In continuation of its move to forcibly take over Nigerian pharmaceutical retail firm, HealthPlus; Alta Semper Capital (ASC), the United Kingdom private equity firm (PEF), has made moves to seize the head office of the pharmaceutical firm. The move according to highly placed sources close to the two companies, manifested in an attempted termination of the contract of Prudential Guards Limited, the security company hired by HealthPlus.
The sources added that Alta Semper has concluded plans to hire a new security firm called, G4S Secure Solutions Nig Limited. They also revealed that Alta Semper, in a letter dated 28 September and addressed to security firm’s Managing Director, asked Prudential Guards to immediately withdraw its personnel from all HealthPlus premises, submit all keys to Afsane Jetha and Zach Ford, the two Alta Semper directors, who signed the letter.
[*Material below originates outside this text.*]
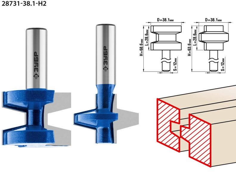 Набор фрез пазо-шиповых Зубр 28731-38.1-H2 38.1x28.6мм, хвостовик 12мм
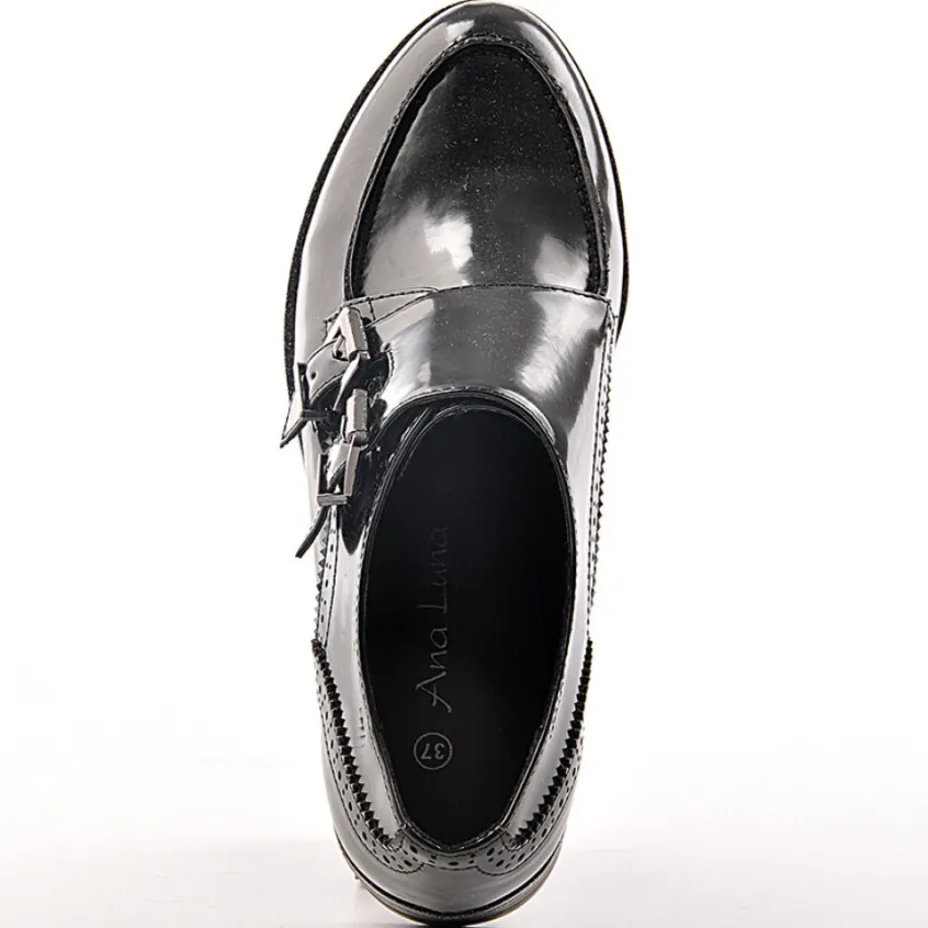Derbys Noir: Derbys Femme, Marque Ana Luna, Coloris Noir, Dessus En Synthétique, Doublure Textile, Semelle Intérieure Synthétique, Semelle Élastomère, Talon 3 Cm.

According to them, HealthPlus is very concerned. On account of the threat to life and property, HealthPlus was said to have petitioned the Inspector-General of Police, Mr. Mohammed Adamu, as well as Assistant Inspectors-General of Police in zones where it owns outlets.
Following the announcement of her sack, Alta Semper Capital attempted to take over HealthPlus’ finances by writing to its bankers and Upperlink, its payment systems service provider. But the move failed because Alta Semper Capital was unable to produce the board resolution and approved minutes of the board meeting at which the decision to change the leadership of the company was agreed.
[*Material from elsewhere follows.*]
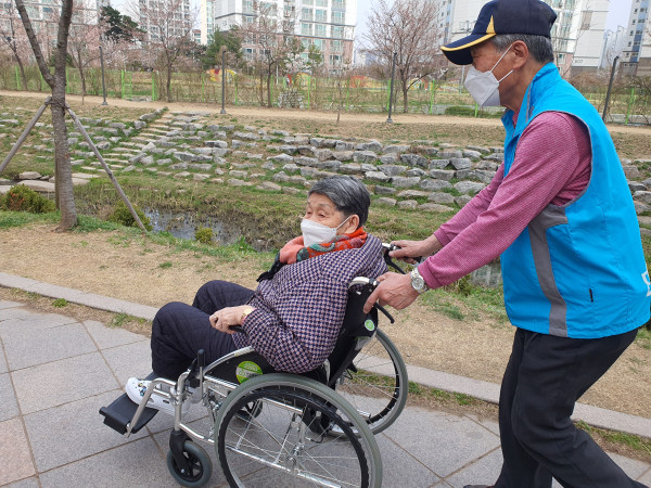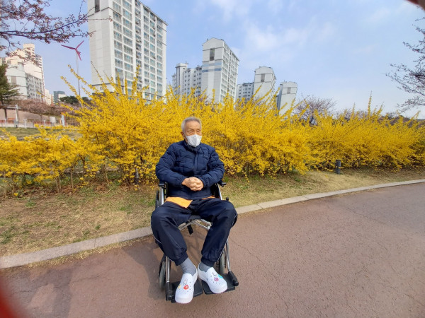 김*기 어르신은 평소 걸어 다니시다 금일은 휠체어를 타고 가시며 가장 기쁜 날이라고 하시고,

HealthPlus, on Saturday in a Press Release, dismissed the leadership change announcement as illegal, maintaining that Mrs. George remains the CEO. In a statement published in the media, the company said its estranged foreign equity partners, abetted by local collaborators, are seeking to reap where they have not sown.
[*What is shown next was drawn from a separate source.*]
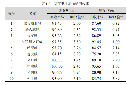 大連依利特分析儀器有限公司,結(jié)合《NY/T 761-2008 蔬菜和水果中有機(jī)磷、有機(jī)氯、擬除蟲菊酯和氨基甲酸酯類農(nóng)藥多殘留的測定》方法及相關(guān)文獻(xiàn)中關(guān)于農(nóng)殘測定的要求,建立的氨基甲酸酯分析系統(tǒng),提出了蔬果中氨基甲酸酯類農(nóng)藥殘留檢測的全套解決方案,并以蘋果為樣品進(jìn)行了檢測,實驗結(jié)果能夠達(dá)到標(biāo)準(zhǔn)中各項指標(biāo)要求。

On Monday, solicitors to HealthPlus, AO Muoka & Co, said the action of Alta Semper Capital is a flagrant the Federal High Court. In a letter to Alta Semper Capital, the law firm said George had instituted a suit (FHC/L/CS/609/2020 in May) and secured a pending a motion for interlocutory Injunction to restrain Alta Semper from removing her from office and seizing the company.
The law firm stated that Item 50 of Schedule 9 – Authority Matrix of the Shareholders’ Agreement ‘appointing, removing or suspending a key employee can only be decided by the board or general meeting of the company, adding that the board passed no resolution and there was no general meeting of the board of directors sanctioning George’s removal as CEO.
“The Company has a five -member board comprising two nominees of the foreign investor, two nominees of Mrs. Olubukunola George (including herself) and a mutually appointed Chairman. Whilst Section 15.1 of the Management Agreement does provides that the ‘Agreement shall automatically terminate with immediate effect without the need of any notice, proceedings or rulings, in the event that the CEO: (d) commits any act which in the opinion of a majority of the board expressed in writing constitutes serious professional misconduct’. We are aware that the Chairman (Dr Ayo Salami) and Mrs. Olubukunola George’s other nominee (Mr Deji Akinyanju) had resigned – without expressing any written opinion in the terms of Section 15.1(d) of the Management Agreement,” the law firm said in the letter. It equally stated that there was no board in place when Alta Semper announced George’s removal, adding that she had yet to nominate a replacement for Adeyanju and shareholders had not agreed on who to succeed Salami as chairman.
“No steps, whatsoever, have been taken in this regard and it is therefore improper to refer to ‘a Board’ when what the company has, at present is, a depleted or improperly constituted Board. Section 15.1(d) of the Management Agreement did not stipulate ‘written opinion of a majority of the depleted Board’, and it is inconceivable how two directors of a five-member board can amount to a ‘majority of the Board’.
“It is, perhaps, instructive that you purportedly took this step on the 25th of September, 2020 immediately after the further depletion of the board by the resignation of the Chairman on the 24th of September, 2020. It lends the suggestion that the action was taken mala fide,” the law firm stated further.
The law firm concluded that George had not responded to allegations brought against her in writing, as they accompanied her termination letter and stated that their client will disregard her removal as CEO.
In 2018, Alta Semper Capital and HealthPlus agreed on a five-year investment deal that was to see the foreign equity firm provide fresh funding for the former’s expansion. Alta Semper Capital decided not to fully disburse the pledges funds. Things grew worse when the foreign equity firm began moves to take over the business.